'Stories of Sindh': Countering intolerance through documentaries

12 films with communal harmony as the core theme were produced as part of the project by Mehrdar Art and Production

Our Correspondent October 05, 2020


To counter violent extremism and tribal conflicts, which had been gripping up in different parts of Sindh, especially in district Khairpur, Shikarpur, and Jacobabad. Mehrdar Art and Production (MAP) started a project called Stories of Sindh, according to a press release. The program seeks to encourage youth to come together to reclaim the reputation of the historically inclusive society of Sindh through documentaries.

A total of 75 participants were selected from Khairpur, Shikarpur, and Jacobabad with 25 from each district. The participants produced 12 films based on positive narratives, using examples of diversity and communal harmony, that were filmed from July 17, 2020, till July 22, 2020.

The virtual launch of the 12 films was held on Sunday with a physical launch planned for October 9, 2020, at Shah Abdul Latif Bhittai University in Khairpur.

The training was conducted by Award-Winning Filmmakers Haya Fatima Iqbal, Haseeb Halai, and Ali Brohi. Participants attended a workshop where they learned the importance of storytelling through in-depth discussions on indigenous stories, current trends in visual storytelling, and contemporary styles in documentary filmmaking.

According to Iqbal, during various stages of the workshop, participants came to understand how positive storytelling brings communities together and how powerful documentaries can remind audiences about what all is common between them and others.

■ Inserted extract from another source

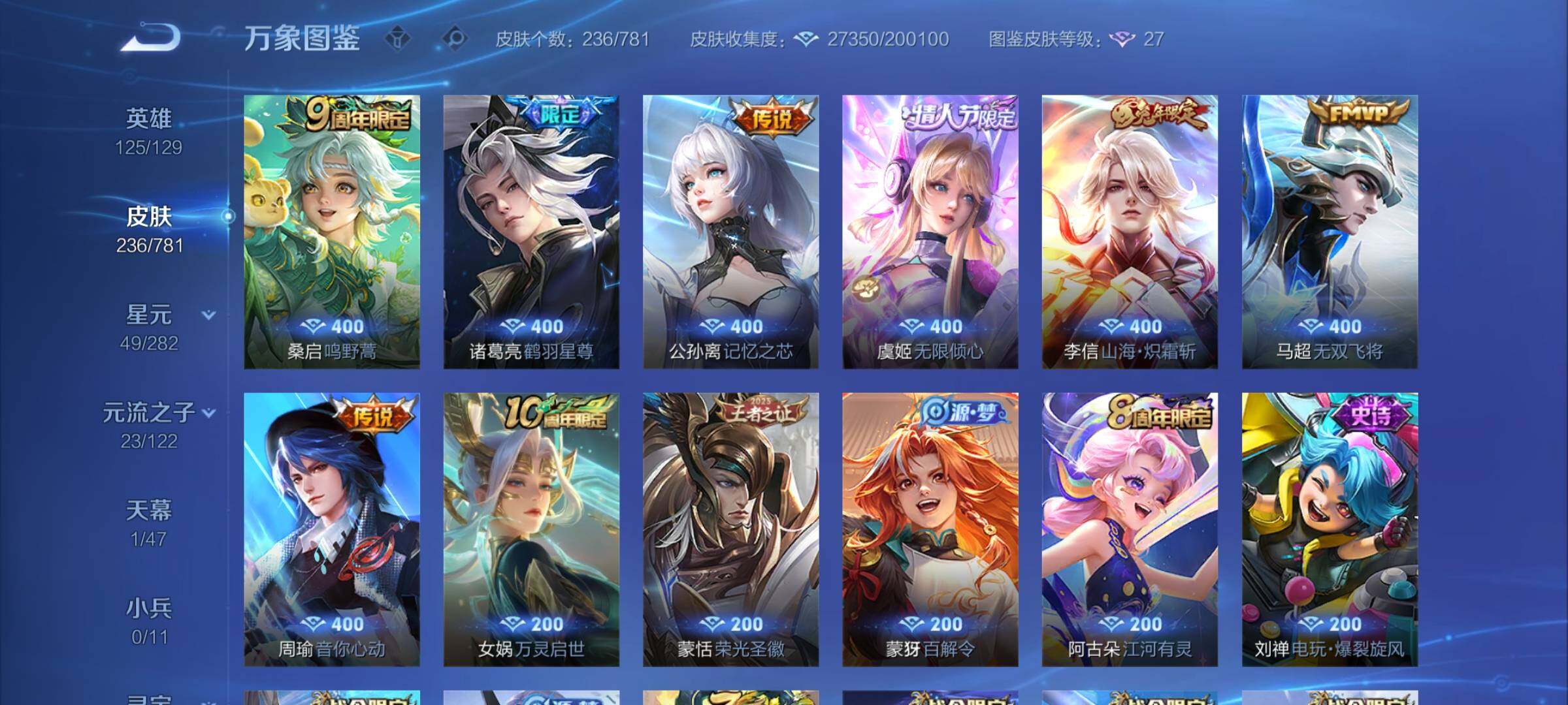 【传说皮肤】:桑启鸣野蒿,诸葛亮鹤羽星尊,公孙离记忆之芯,虞姬无限倾心,李信山海炽霜斩,马超无双飞将,周瑜音你心动【限定皮肤】:姜子牙天穹之誓,狄仁杰阴阳师,赵云皇家上将,墨

Films that were produced included An Inspirational Polio worker, Art knows no limits, A tailor’s journey, Unvoiced citizens, Sports for women empowerment, Preserving the national literary heritage, The struggle for freedom of women, Using radio for social change, A struggle for women education and peace, Empowering women through sports , Dream of a humane and peaceful Jacobabad, and Journey in Rhythm, among many others.

Iqbal said that the tone was set right in the beginning when it was emphasised that documentary filmmaking tends to focus on the “grey” instead of the “black and white”; meaning that one of the main purposes of documentary filmmaking is to find nuances in people’s lives that celebrate humanity and diversity instead of creating schisms between them.

“We had participants from different religions and sects, and we had a considerable female presence in a much larger group of men – but everyone respected each other and listened to each others’ thoughts and feelings very respectfully,” Iqbal said.
She concluded that by virtue of people interacting with each other during the sessions, the ideals of pluralism, mutual respect, and diversity were being inculcated into participants’ minds at every instance of the workshop.

According to the founder of MAP, Muhammad Fahim, radicalisation in above mentioned parts of Sindh resulted in an intolerant environment that led many people including young girls and boys to develop social and psychological disorders.

He went onto said that this not only disturbed lives and livelihoods but also blocked the development in agriculture, markets, Community Infrastructure, education, health, and sanitation facilities.

“Many communities have been forced to leave their homes and migrate to other areas of Sindh due to the increase of radical elements in the society,” Fahim added.